It takes a while before you really start to believe in the positive changes your good habits create. In fact, you could do something for quite a while and need a stranger to point out when you’ve made real progress. We’re often just too close to see it ourselves.
Then there’s the period of time when you know you’ve made progress, other people have commented on it, and you are a bit taken with yourself. You may let your new habits slip a bit or admire your progress a bit too much for your own good.
Or maybe that’s just me. I’ll let you decide:
PS: I started telling this story to Warren and my friend Debb, and before I got to the punchline Warren grabbed the video camera and made me start over from the beginning. I don’t normally tape all my conversations with friends.








Doesn’t mean you aren’t a HPOA.
Good for you for keeping up the running, girl. Hard work and something you can easily keep doing while traveling. I can’t remember if you’ve mentioned this before - do you have a Garmin Forerunner?
Hey, Shannon. I don’t have a Garmin Forerunner. I’ve been using the iMapMyRun app for the iphone, which uses GPS to track where I go and calculate pace, speed, etc. I’m giving up my iPhone service when we leave, though, so that leaves me without a map. Not sure how this will translate into running in other countries. I’ll have to check into this Garmin thingy.
Thanks for sharing such a truthful, fun story. There’s such a big difference between confidence and arrogance and being able to laugh at ourselves is the best.
JLouise, thankfully I learned to laugh at myself a long time ago. Then again, I give myself a lot of opportunities to learn how to do that.
You can’t take yourself too seriously, and when you do, life is always there to remind you to stop doing that.
LOL…I can so relate…I’ve also been feeling full of myself lately because I’m eating mostly raw and vegan, my skin looks great, I’ve lost a little weight….then I take my friend’s 5 year old son to the bathroom for an emergency run at PCC market. Well, I figure I may as well pee, too, while we’re there. So I pull down my jeans, and he looks at me with this shocked look on his face, and says, “Lala, your legs are huge! I mean, really fat!” And he crinkles up his face and makes a motion with his hands like he’s kneading lumpy raw dough. Little bastard! Anyway, I just laughed and said, “You’re right, Eli, they sure are!”. His tiny size 6 mother nearly died when I relayed the story back in the car. Very funny stuff!
Alisa, that cracks me up! Leave it to a little kid to burst any bubble you have created about yourself, huh? Why is it we have to be nice to them again?
Good for you for eating better and sticking with the program.
Great story and i love your new hair style! So chic and coastal.

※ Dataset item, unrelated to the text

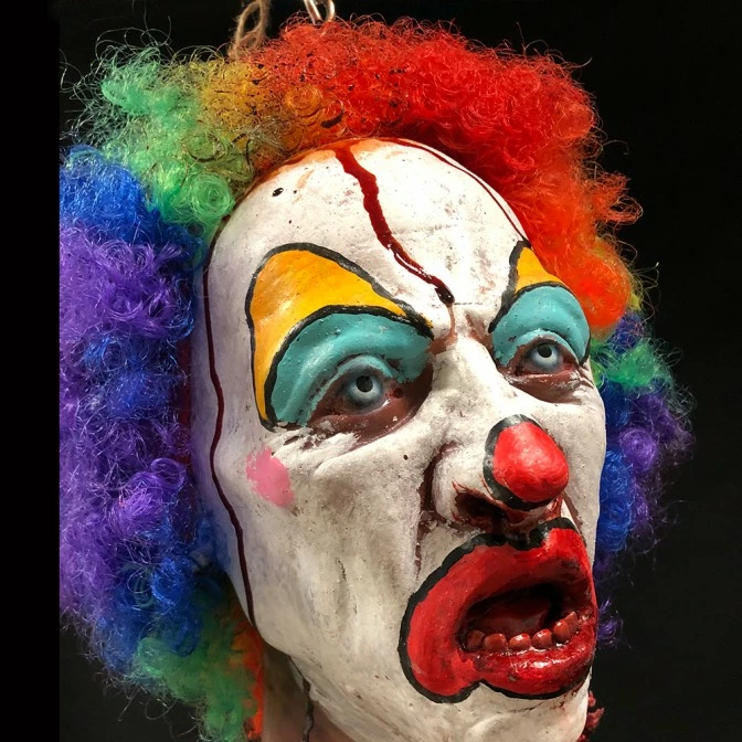 Straight from the US and hand-sculpted by a talented horror artist, we bring you this incredibly realistic severed clown head hanging on a bloody hook. This nasty prop will add a great visual to a decrepit circus attraction.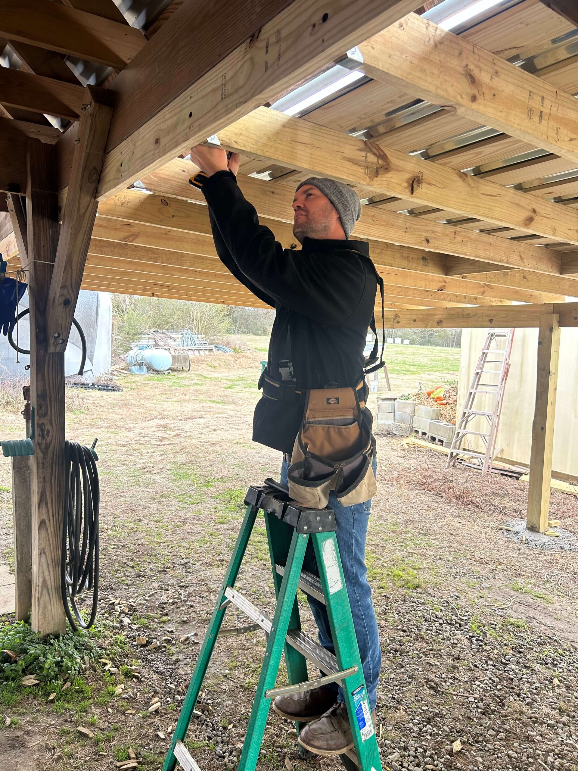 Outcome: Old School Farm completed a pack shed expansion that significantly improves post-harvest handling and community use of the farm. The farmers on staff worked together to set poles and extend the roof, creating a shaded, functional space where freshly harvested produce can be quickly cooled, processed, and packaged for delivery to local food pantries. The improved infrastructure enhances food safety and efficiency while supporting the farm’s commitment to feeding its community.

Thanks, Cathy. Love your new avatar!
Well Betsy that is a funny story! I thought that you were going to say, that you were overtaken by a younger hotter POA and that was who the construction guys had been yelling at
At least it was just a bunch of tourists! Good story, thanks Warren for having the idea of videoing it! Have you had the tattoo yet? How did it go???
Hey Judy,
I am posting a new post tomorrow morning with pictures of the new tattoo. I look forward to your thoughts.
hehehehe…great story. Very funny. I enjoyed that, thanks!
That was so funny to watch!
I, too, love to laugh at myself when I catch myself doing something silly or embarassing. Which is often. I think’s it’s a good lesson for my/our kids to learn, not to take themselves so seriously.
And I also have come to learn that the minute I start feeling too over-confident … something will come along in life to remind me to be more humble.